__INFORMATION SUPPLIED__:
Segment Open
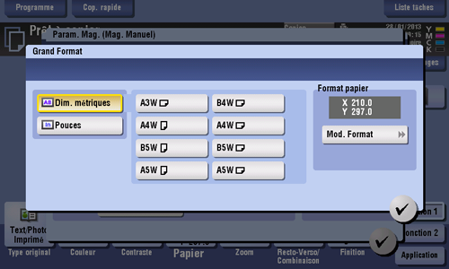 [Modif. param mag] | Si nécessaire, changez les paramètres du format et du type du papier chargé dans le bac papier sélectionné.
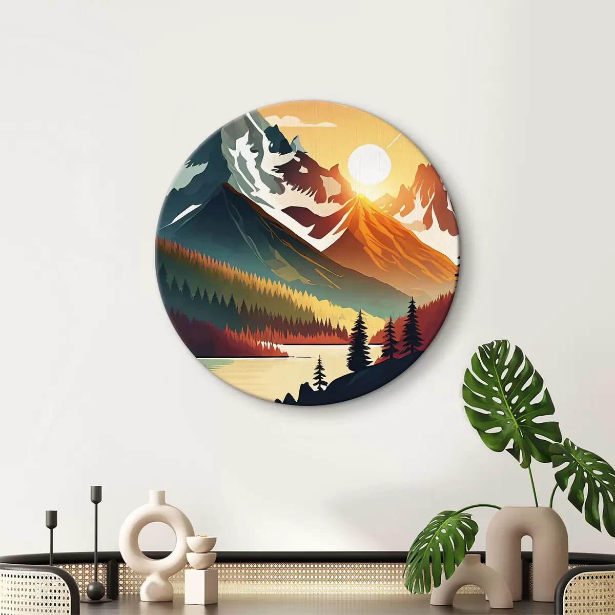 Quadri rotondi Montagne maestose sotto un cielo luminoso r38006
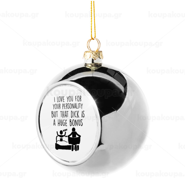 I Love You for Your Personality But that D... Is a Huge Bonus , Στολίδι Χριστουγεννιάτικη μπάλα δένδρου Ασημένια 8cm
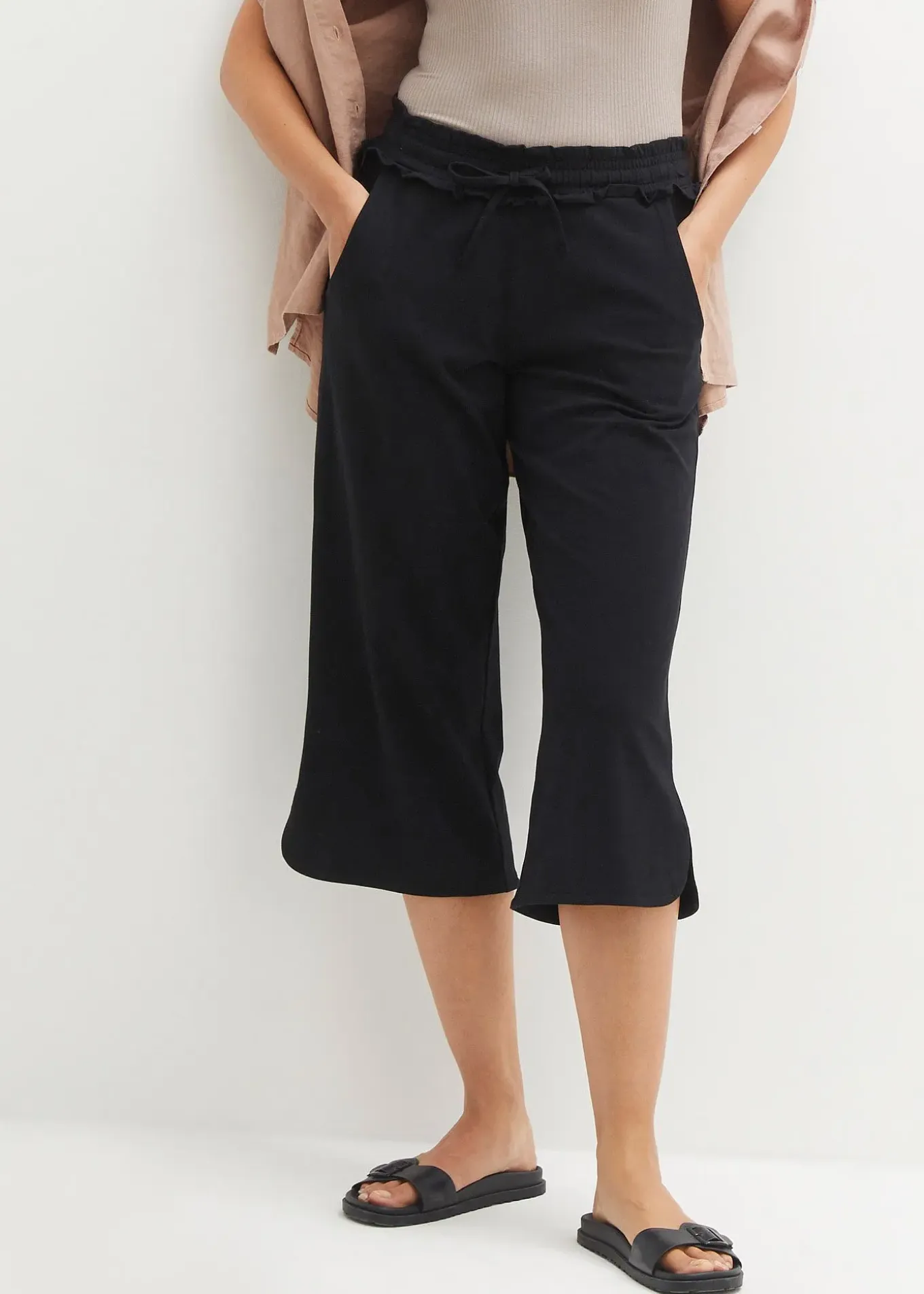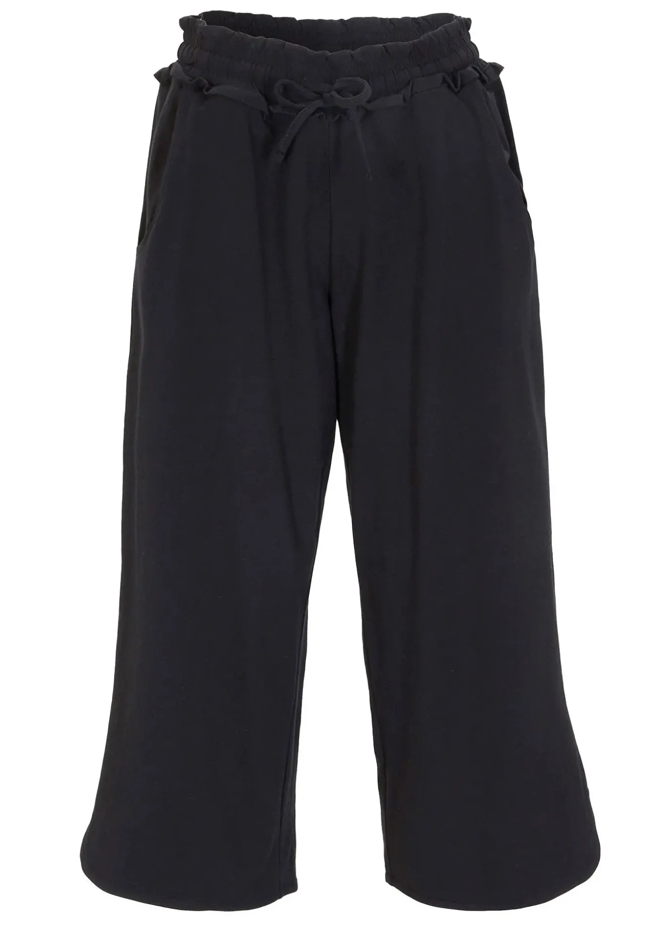 Modèle oversize confortable avec taille élastiquée et cordon, poches sur les côtés.
Segment Closed
Transcribe the listing verbatim, pictures excluded.

 [Modif. param mag] | Si nécessaire, changez les paramètres du format et du type du papier chargé dans le bac papier sélectionné.
 Quadri rotondi Montagne maestose sotto un cielo luminoso r38006
 I Love You for Your Personality But that D... Is a Huge Bonus , Στολίδι Χριστουγεννιάτικη μπάλα δένδρου Ασημένια 8cm
 Modèle oversize confortable avec taille élastiquée et cordon, poches sur les côtés.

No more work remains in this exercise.